Coq au vin à la bourguinonne

Course Hoofdgerecht gevogelte
Cuisine Frans
Servings 8 pax.

Ingredients
  

  • 1 pcs Hen or chicken Hen or chicken, 1800g for 8 persons
  • 100 g Bacon
  • 12 pcs Ui small
  • 125 g Champignons
  • 1 tbsp Bloem
  • 2 l Wine, red Bourgogne wine
  • 5 dl Stock salted lightly
  • 2 clove Knoflook
  • 0,5 bunch Peterselie
  • 0,5 bunch Tijm
  • 1 pcs Laurierblaadjes
  • 100 g Kippenlever
  • 1 dl Kippenbloed For this, you need a fresh chicken. Collect the blood.
  • 3 tbsp Cognac
  • 50 g Boter
  • Zout
  • Peper

Instructions
 

  • Cut the chicken in 8 pieces in the French way. Place the pieces on a plate with the organs (except the liver) and season with salt and freshly grinded pepper.
  • Cut the bacon into small strips. Place in a cooking pan with as much cold water until each piece is covered. Cook for 5 min. Drain and dry.
  • Melt the butter in an oven plate or earthenware pan and bake bacon and onions in it. When brown, drain and place aside on another a plate.
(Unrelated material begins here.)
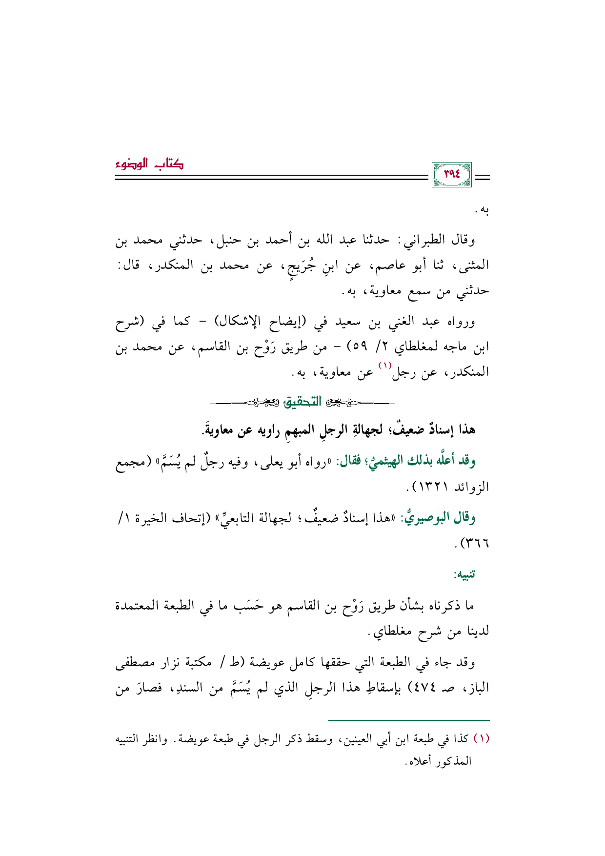 وقد جاء في الطبعة التي حققها كامل عويضة (ط/ مكتبة نزار مصطفى الباز، صـ ٤٧٤) بإسقاطِ هذا الرجلِ الذي لم يُسَمَّ من السندِ، فصارَ من

Clean the champignons by washing quickly (if they are very large, cut into 4 pieces). Place these in the oven plate and bake. When done, place on the plate together with the bacon. In the same melted butter and pan, stew the pieces of chicken, sprinkle with flour and mix. Bake in the oven without lid until light-brown. After 5 minutes, add pressed out garlic. Mix for 1 minute and then add Bourgogne wine. Allow to boil while stirring. Then, add the herb-bouquet, onions, bacon and champignons. Add as much stock or water until everything is covered. Place the lid on the earthenware pan and bake and simmer for 45 minutes in an oven which is not too hot.
  • Take the earthenware pan out of the oven and place the chicken and garnish in a bowl. Sieve the sauce over. If the sauce is not boiled sufficiently during simmering, it should be done quickly before pouring it over the chicken. When the sauce is sieved over the chicken, place the sauce and chicken in a clean earthenware pan. Bring to the boil, and season with salt and pepper.
  • Binding. Divide the liver in large cubes, season with a pinch of salt and pepper and bake quickly in a pan with a bit of butter. Push it all through a fine sieve with a pestle or wooden spoon. Mix this liver puree with the chicken blood (if you do not have chicken blood, use chicken stock with a thickener such as potato starch) and add cognac. Remove the pan with chicken from the heat so that it doesn't boil anymore. Pour a dash of the hot sauce in the bowl with blood and whisk immediately. Then, pour everything into the earthenware pan with chicken and stir so that the sauce binds together without actually heating it. The blood and liver come close to the boiling point due to the concentrated heat in the pan.
  • If necessary, add some salt and pepper. Scoop everything in a deep saucer and serve the chicken in the earthenware pan (this is very important so that the chicken remains warm). The binding sauce must be smooth. The chicken can be served with pieces of bread, which are baked in butter arranged around the chicken. Or, you can choose to roast the pieces of bread, with one side covered with cut parsley.